Division of Cardiovascular Medicine State University
New York Downstate Medical Center
Dr.Sahil Agarwal M.B.B.S., M.D.
Division of Cardiology
St. Luke’s University Health Network
Bethlehem, Pennsylvania

MedicalResearch.com: What is the background for this study? 

Response: Prior randomized control trials (RCTs) and meta-analysis of these trials which have attempted to compare differences in outcomes between strategies of short (S) (3-6 months) and longer (L) (12-30 months) durations of dual anti-platelet therapy (DAPT) after drug eluting stents (DES) implantation have reported conflicting results. In general, the events rates in these studies were small, affecting statistical power. To overcome this limitation, we conducted an updated meta-analysis to compare the efficacy and safety of strategies of S-DAPT versus L-DAPT strategy after DES implantation by restricting inclusion to randomized studies with follow-up durations of 24 months or longer.

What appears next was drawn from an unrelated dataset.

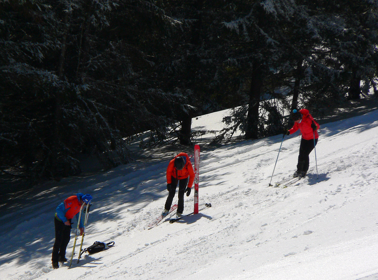 Tak zas hore, takmer rovnakou trasou, a zas do juhov, tentokrát už kratšie a už aj za občasného hlasnejšieho premýšľania nemenovaného najslabšieho kusa, že by to dnes aj skrátil, keby sa vraj nehanbil. Ale juhy lákali a z jamy stopa nazad hore už natiahnutá (a nie jedna, už sa tam veeeľa farebných bodiek po okolí motalo). No nebol to už priamo prašan, ale lyžba fajná a aj ten vlhnúci sneh akosi lepšie držal nemenované vychlpené pásy smerom hore, ako predtým.

The current meta-analysis is the first to compare outcomes between S-DAPT and L-DAPT in a meta-analysis restricted to trials with patient follow-up of 24 months or longer. We found no significant difference in the rates of mortality or of stent thrombosis with S-DAPT or L-DAPT. S-DAPT was associated with significantly lower risk of major bleeding but slightly higher risk of future myocardial infarctions.